Sunday, December 14, 2014

The End of Obamacare Schadenfreude?

Smitty, the hench-blogger at The Other McCain declares the end of Obamacare Schadenfreude:

#ObamaCare’s Past Schadenfreude, But The Democrat Wreckage Is Still Good
The cumulative damage the Democratic Party has suffered, as well as the casualty rate — half of the 60 senators who supported the bill are since deceased, defeated or retired — has brought its leaders to an unhappy inflection and reflection point. Two years ago, President Obama was reelected to the surprise and delight of Democrats who believed that, not only would his unique coalition provide them with dominance in presidential cycles for the foreseeable future, but that perhaps the ACA backlash had passed. After losing their Senate majority and watching the GOP cement gains across federal offices, statehouses and regions Democrats might have lost for generations, however, buyer’s remorse on healthcare reform has led to angry division inside the party.
The long term economic and societal damage from ObamaCare remains to be seen. It’s too grim and widespread for schadenfreude to be appropriate. Careers have been ended, but the worst perpetrators are still around. . . 
Sorry, Smitty, but the temptation to delight in the misfortunes of one's political opponents is simply too addictive. Besides, I can quit any time I want.

Get your healthcare, and a  Big Gulp*: New way to promote ObamaCare: 7-Eleven
ObamaCare ads will now appear on 7-Eleven receipts at more than 7,000 stores nationwide as government health officials expand their outreach in the second year of healthcare sign-ups.

Information about ObamaCare sign-ups will appear on the bottom of receipts for anyone using a mobile payment company called PayNearMe, which allows bank-less customers to pay in stores like 7-Eleven and Family Dollar.

Health and Human Services (HHS) Secretary Sylvia Mathews Burwell announced the new partnership with the tech start-up PayNearMe on Thursday at a store in Washington, D.C.
*(offer not valid in Bloombergistan New York City)

Jonathan Gruber is a Liar. Was He a Liar Under Oath?
In a sworn hearing before the House Oversight Committee on Tuesday, Gruber, widely cited in the press over the last few years as an architect of Obamacare, insisted that he did not write any of the health care law himself. "I didn't draft the legislation," he said, later reiterating the claim: "I did not write any part of the Affordable Care Act."

Asked by Rep. Cynthia Lummis (R-Wy.) why he claimed in 2012 to have written part of the law, he said that it was "an effort to seem more important than I was," and that he "was speaking glibly."

He seems to have spoken "glibly" on multiple occasions.

As The Hill notes, in a late 2010 lecture to students at the Massachusetts Institute of Technology, where Gruber is a faculty member, he talked about the health law and described his role in its creation, saying, "Full disclaimer: I'm going to describe it objectively, but I helped write it."

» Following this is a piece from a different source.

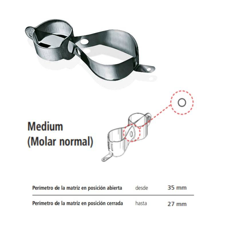 Para una mejor adaptación marginal a cualquier dientes posterior, ya sea premolar o molar, está disponible en 3 tamaños: small, medium y large .

In another 2010 video, captured by C-SPAN and posted at Townhall, Gruber also noted his bias in favor of the law while claiming to have helped write it. "Once again, unabashed, I helped write the federal [health care] bill as well," he said. That remark was made the same month that Obamacare was signed into law.

Two years later, Gruber hadn't changed his story. In a now-infamous 2012 lecture on the law's health exchanges at Noblis, Gruber not only said that states that don't set up exchanges don't have access to tax subsidies, he also referred to the "the one bit of the bill I actually wrote."
Hold him to the full Scooter Libby standard appropriate to Presidential advisers. If his own testimony disagrees with himself, or countless other democrats at the time, he's clearly playing fast and loose with the facts. 30 months, in the hoosegow, a $250,000 fine, and 400 hours of emptying bedpans for Dr. Jon.

And more gloom from Patrick Buchanan: What Jonathan Gruber Got Right
Brought before a House inquisition, MIT professor and Obamacare architect Jonathan Gruber burbled a recantation of his beliefs about how that triumph of liberalism had been achieved. Yet, something needs to be said in defense of Gruber.
For while he groveled and confessed to the sin of arrogance, what this Ivy League con artist boasted about rings true.

Here, Gruber explained, is how we got Obamacare passed:
This bill was written in a tortured way to make sure [the Congressional Budget Office] did not score the mandate as taxes. If CBO scored the mandate as taxes, the bill dies. OK? …
Lack of transparency is a huge political advantage. And basically, call it the stupidity of the American voter or whatever … that was really, really critical to get the thing to pass. Look, I wish … we could make it all transparent, but I’d rather have this law than not. …
[I]f you had a law which explicitly said that healthy people pay in and sick people get money, it would not have passed.
Call it the new candor. Yet, is Gruber not right on almost all counts?
Could the Democrats possibly complain if the Republicans used  reconciliation to repeal the bill?